Cradicle Explorer

/ research / 2026-02-19-finetuning-open-models-agent-workflows.md
2026-02-19-finetuning-open-models-agent-workflows.md
  1  # Fine-Tuning Open Models for Agent Workflows: A #B4mad Feasibility Study
  2  
  3  **Author:** Roman "Romanov" Research-Rachmaninov  
  4  **Date:** 2026-02-19  
  5  **Bead:** beads-hub-1pq  
  6  
  7  ## Abstract
  8  
  9  This paper investigates the feasibility of fine-tuning open-weight language models — specifically Qwen3 and DeepSeek — for #B4mad's agent-specific workflows: MCP tool calling, beads task coordination, and multi-agent delegation. We evaluate LoRA and QLoRA as parameter-efficient fine-tuning (PEFT) methods suitable for our local RTX 4090 (24GB VRAM) infrastructure. Our conclusion: a #B4mad-tuned agent model is not only feasible but strategically valuable, though the primary challenge is dataset curation rather than compute.
 10  
 11  ## 1. Context: Why This Matters for #B4mad
 12  
 13  #B4mad Industries runs a multi-agent architecture where specialized agents (Brenner, Romanov, PLTops, Lotti, etc.) coordinate via the beads task system, call tools through MCP (Model Context Protocol), and delegate sub-tasks to each other. Today, this runs on commercial frontier models (Claude Opus, GPT-4).
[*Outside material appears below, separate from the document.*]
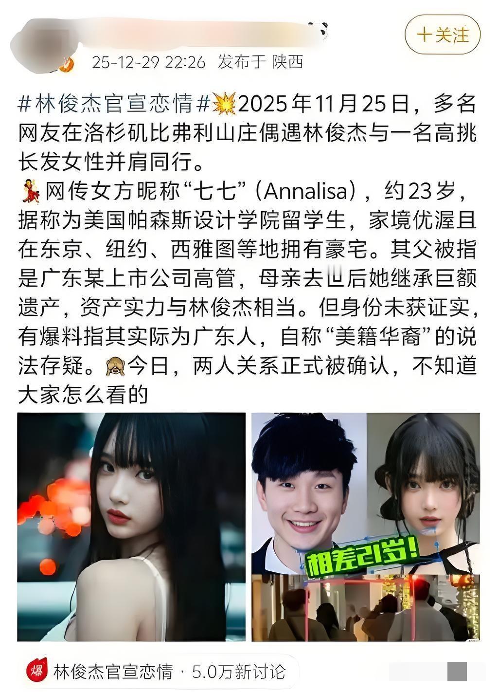 老牛吃嫩草?林俊杰官宣恋情,女友疑似小近二十岁! 林俊杰官宣恋情了!29号他晒出陪妈妈庆生的合照,身边年轻女生就是女友,俩人同框的年龄差一眼就能看出来。 有网友扒出女方疑似是95后,看着才二十出头,比林俊杰小了近二十岁(信息未证实)。评论区直接炸锅,有人直言“妥妥的老牛吃嫩草”,也有人吐槽“小这么多,真的合适吗?”,还有粉丝替他开心:“老林终于脱单,不用再当钢琴单身汉了”。 林俊杰都四十多了,找年轻女友本无可厚非,可这快二十岁的年龄差也太扎眼了。你们觉得这年龄差是真爱,还是网友说的“老牛吃嫩草”? 林俊杰

A fine-tuned open model would provide:
 14  
 15  - **Technological sovereignty** — No dependency on API providers for core agent capabilities
 16  - **Cost reduction** — Local inference at ~$0/token vs. $15-75/M tokens for frontier APIs
 17  - **Latency improvement** — Local inference eliminates network round-trips
 18  - **Customization depth** — Models that natively understand #B4mad's tool schemas, bead lifecycle, and delegation patterns
 19  - **Privacy** — Sensitive workflows never leave our infrastructure
 20  
 21  The Lex Fridman podcast (#490, ~32:33) discussion between Sebastian Raschka and Nathan Lambert reinforces that the differentiator in 2026 is no longer model architecture (ideas diffuse rapidly across labs) but rather the *application-specific tuning and deployment* that organizations build on top of open weights.
 22  
 23  ## 2. State of the Art
 24  
 25  ### 2.1 Open Model Landscape (February 2026)
 26  
 27  The open-weight model ecosystem has matured dramatically:
 28  
 29  | Model | Parameters | Architecture | License | Tool Calling | Context |
 30  |-------|-----------|-------------|---------|-------------|---------|
 31  | **Qwen3-30B-A3B** | 30B (3B active) | MoE, 128 experts | Apache 2.0 | Native | 128K |
 32  | **Qwen3-8B** | 8B | Dense | Apache 2.0 | Native | 128K |
 33  | **Qwen3-4B** | 4B | Dense | Apache 2.0 | Native | 32K |
 34  | **DeepSeek-R1** | 671B (37B active) | MoE | MIT | Via fine-tune | 128K |
 35  | **DeepSeek-V3** | 671B (37B active) | MoE | MIT | Native | 128K |
 36  | **Llama 3.3** | 70B | Dense | Llama License | Community | 128K |
 37  
 38  **Qwen3 is our recommended base model family.** The Qwen3-30B-A3B MoE model achieves performance rivaling QwQ-32B with only 3B activated parameters — meaning it runs efficiently on consumer hardware while maintaining strong reasoning. Qwen3-8B and Qwen3-4B are viable for development and testing. All are Apache 2.0 licensed, permitting commercial fine-tuning and deployment.
 39  
 40  ### 2.2 Parameter-Efficient Fine-Tuning (PEFT)
 41  
 42  Full fine-tuning of even an 8B model requires ~60GB+ VRAM (model + gradients + optimizer states in fp16). PEFT methods solve this:
 43  
 44  **LoRA (Low-Rank Adaptation):** Decomposes weight update matrices into low-rank factors. For a weight matrix W ∈ ℝ^(d×k), LoRA learns A ∈ ℝ^(d×r) and B ∈ ℝ^(r×k) where r << min(d,k). Only A and B are trained. Typical rank r=16-64, yielding adapters of 10-100MB vs. multi-GB full models.
 45  
 46  **QLoRA:** Combines 4-bit NormalFloat (NF4) quantization of the base model with LoRA adapters trained in 16-bit. Key innovations:
 47  - 4-bit NF4 quantization (information-theoretically optimal for normal distributions)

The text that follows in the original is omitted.